Webhook Delivery Platforms

Why webhooks are hard

A webhook platform is the outbound equivalent of a public API: your service calls customers' HTTP endpoints when events happen (Stripe on charge.succeeded, GitHub on push, OpenAI on fine-tuning job completion). It looks simple — "just POST the JSON" — but customer endpoints are the most hostile dependency in the world:

Endpoints go down without warning; they p99 at 10s; they return 500 for hours.
Some are slow; a single tenant at 30s latency can starve a worker pool serving thousands.
Some return 200 but never processed the event (at-least-once is your only realistic guarantee).
Some get duplicate events; they need an Idempotency-Key to dedupe.
Some expect strict ordering per customer object (a customer.updated from 10s ago cannot land after the latest one).

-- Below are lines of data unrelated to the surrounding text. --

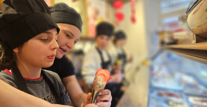 Spatule en main, les enfants découvrent la technique emblématique d’Amorino : la glace en forme de fleur.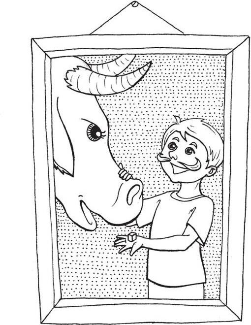 Taču zēna prāts nesās uz āzēšanos. Viņš pielavījās no aizmugures un iekliedzās: – Uf!
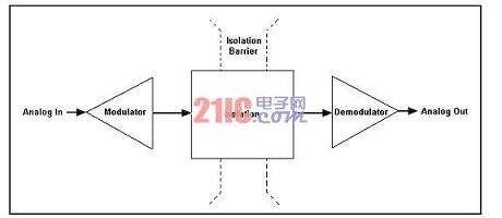 在一個(gè)理想的隔離放大器中,其模擬輸出信號(hào)與模擬輸入信號(hào)完全相同。圖7中標(biāo)記為“隔離”的部分采用了之前章節(jié)中討論的技術(shù)(光耦合、電容耦合或感應(yīng)耦合)之一,以跨過(guò)隔離層傳遞信號(hào)。調(diào)制器電路為隔離電路對(duì)信號(hào)進(jìn)行預(yù)處理。對(duì)于光學(xué)耦合方法,您需要對(duì)該信號(hào)作量化處理,或?qū)⑵滢D(zhuǎn)換為變化的光強(qiáng)。對(duì)于電容耦合方法和感應(yīng)耦合方法,您需要將該信號(hào)轉(zhuǎn)換為變化的電場(chǎng)或磁場(chǎng)。然后,解調(diào)器電路讀入隔離電路的輸出,并將其轉(zhuǎn)化回最初的模擬信號(hào)。
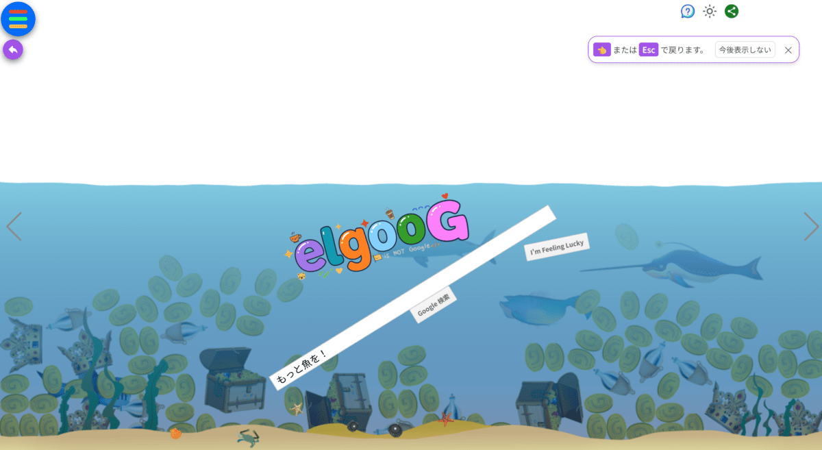 この画面になったあと、検索窓 or 水中のどこかをクリック(又はタップ)すれば沈みます。

Scale anchor: Stripe delivers billions of webhooks per month; p99 endpoint response ~2s; retry budget up to 72 hours; Svix quotes 99.99% eventual delivery. Those numbers don't happen by accident.

Source cross-reference

DDIA Ch.11 (stream processing, exactly-once / effectively-once, idempotency) is the theory. Acing SDI Ch.5 covers distributed transactions and idempotency keys. Stripe's and Svix's public engineering blogs are the best real-world references; OpenAI's webhook-for-fine-tuning docs describe the same pattern.

Delivery state machine

Every webhook attempt is a tiny state machine. Drawing it on the whiteboard signals senior-level thinking.

stateDiagram-v2
  [*] --> Pending
  Pending --> Delivering: worker picks up
  Delivering --> Delivered: 2xx response
  Delivering --> Retrying: 5xx / timeout / 429
  Delivering --> Failed: 4xx (except 408/429)
  Retrying --> Delivering: backoff elapsed
  Retrying --> DLQ: max_attempts or 72h
  Delivered --> [*]
  Failed --> [*]
  DLQ --> [*]

Status rules:

2xx → Delivered. Stop retrying.
408 (timeout), 429 (rate-limit), 5xx → Retrying with backoff.
Other 4xx (malformed endpoint, bad signature) → Failed. Don't burn retries on permanent errors.
After N attempts or wall-clock cutoff → DLQ.

Architecture

flowchart LR
  EV[Event Source] --> IQ[Ingest API]
  IQ --> DB[(Delivery Store
Postgres)]
  IQ --> SCH[Scheduler]
  SCH --> WQ[Delivery Queue
partitioned by endpoint_id]
  WQ --> W1[Worker pool]
  W1 -->|HTTPS POST + HMAC| EP[Customer Endpoint]
  W1 --> DB
  W1 -->|failed| RQ[Retry queue
delayed]
  RQ --> WQ
  W1 -->|exhausted| DLQ[(DLQ)]
  DLQ --> UI[Dashboard replay]

Key design choice: the delivery queue is partitioned by destination endpoint, not by event. This is how you prevent one slow tenant from starving the fleet.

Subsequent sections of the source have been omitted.